# Exercise aim:
Only what runs from the line with "Campeche y reveló" to the end of the data should appear in the answer, exactly as written and without pictures.

(Stored items from a collection)
□ □ □ □ □

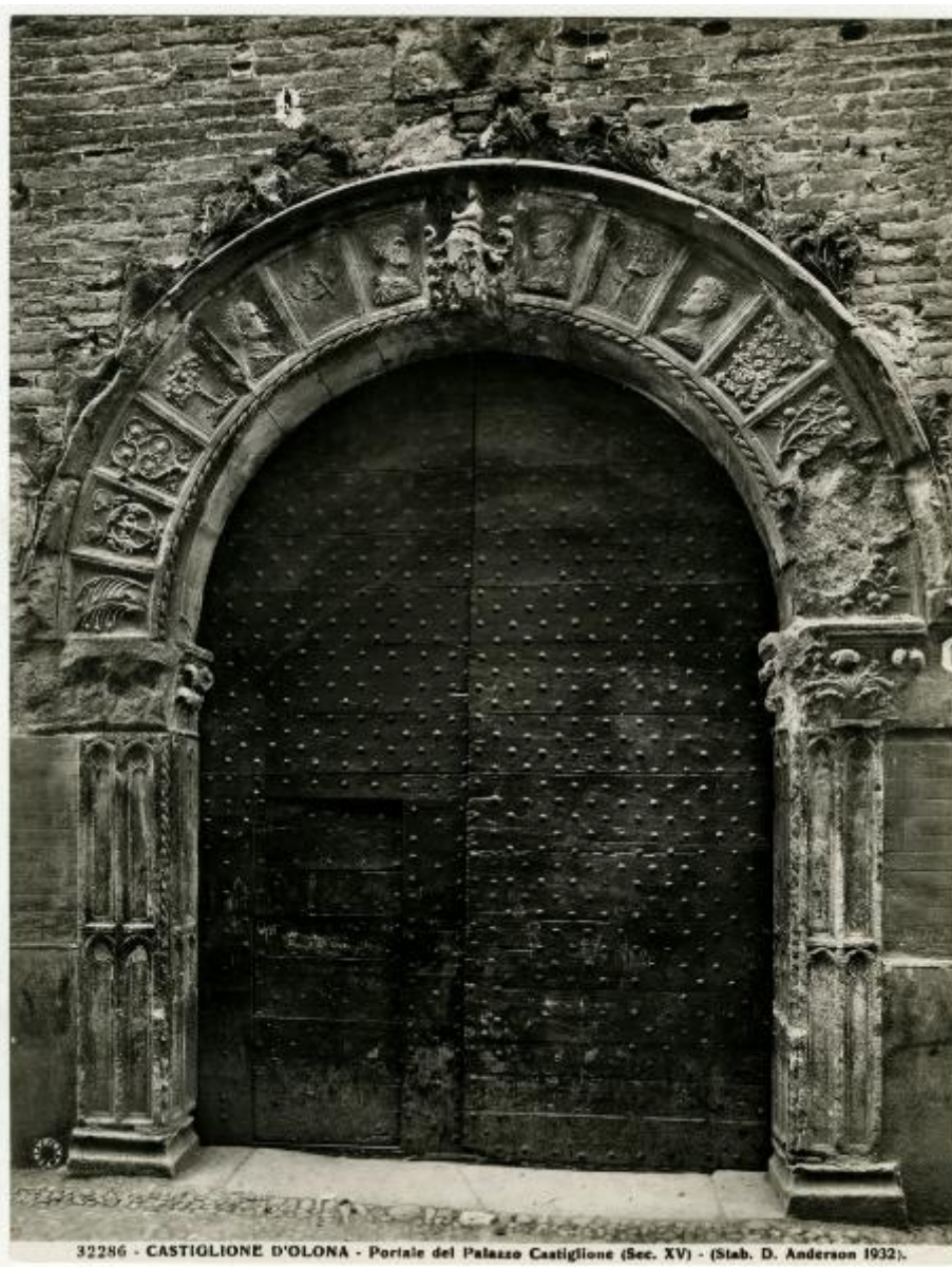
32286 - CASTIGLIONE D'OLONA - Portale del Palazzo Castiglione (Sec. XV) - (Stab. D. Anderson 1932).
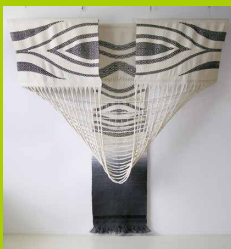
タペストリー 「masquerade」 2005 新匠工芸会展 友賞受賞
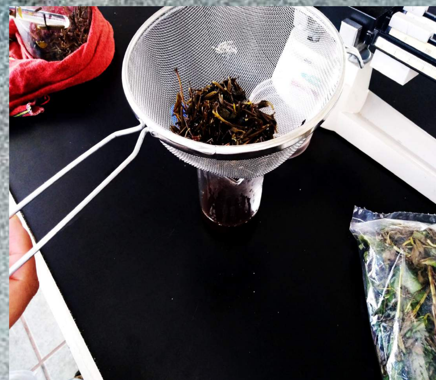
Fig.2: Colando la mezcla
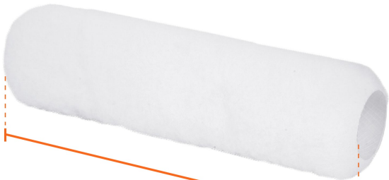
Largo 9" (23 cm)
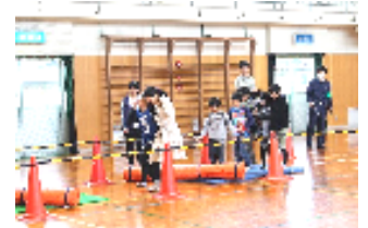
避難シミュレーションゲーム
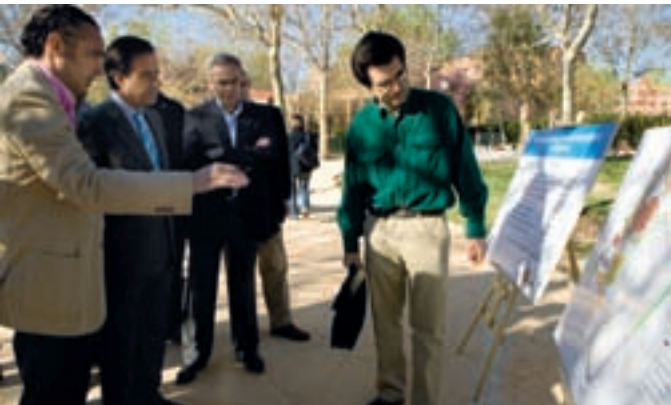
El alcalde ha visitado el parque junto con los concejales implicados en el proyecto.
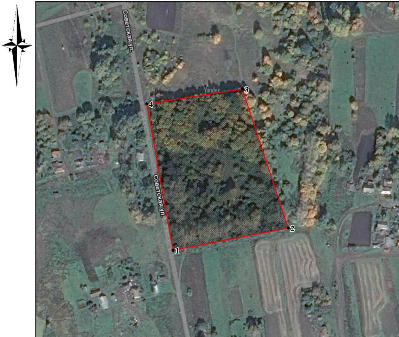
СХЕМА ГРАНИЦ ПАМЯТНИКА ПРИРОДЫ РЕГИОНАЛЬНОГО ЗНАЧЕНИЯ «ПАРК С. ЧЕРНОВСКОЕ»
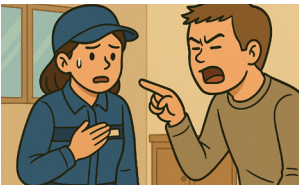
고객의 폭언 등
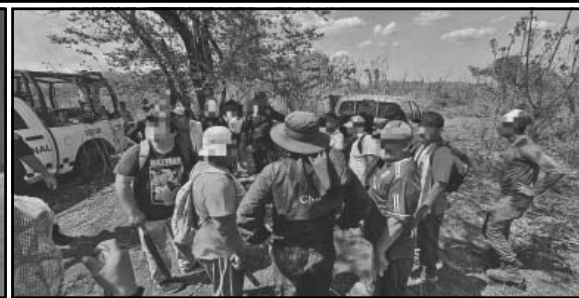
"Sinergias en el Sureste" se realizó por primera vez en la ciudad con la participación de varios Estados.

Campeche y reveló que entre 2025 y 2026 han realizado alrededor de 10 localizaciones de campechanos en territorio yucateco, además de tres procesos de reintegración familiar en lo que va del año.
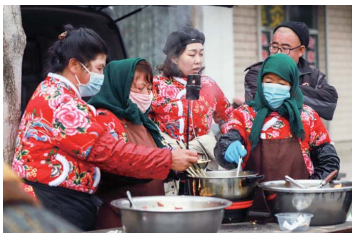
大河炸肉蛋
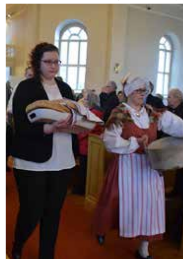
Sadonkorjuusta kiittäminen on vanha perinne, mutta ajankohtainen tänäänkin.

□ □ □ □ □

# Task solution:
Campeche y reveló que entre 2025 y 2026 han realizado alrededor de 10 localizaciones de campechanos en territorio yucateco, además de tres procesos de reintegración familiar en lo que va del año.
大河炸肉蛋
Sadonkorjuusta kiittäminen on vanha perinne, mutta ajankohtainen tänäänkin.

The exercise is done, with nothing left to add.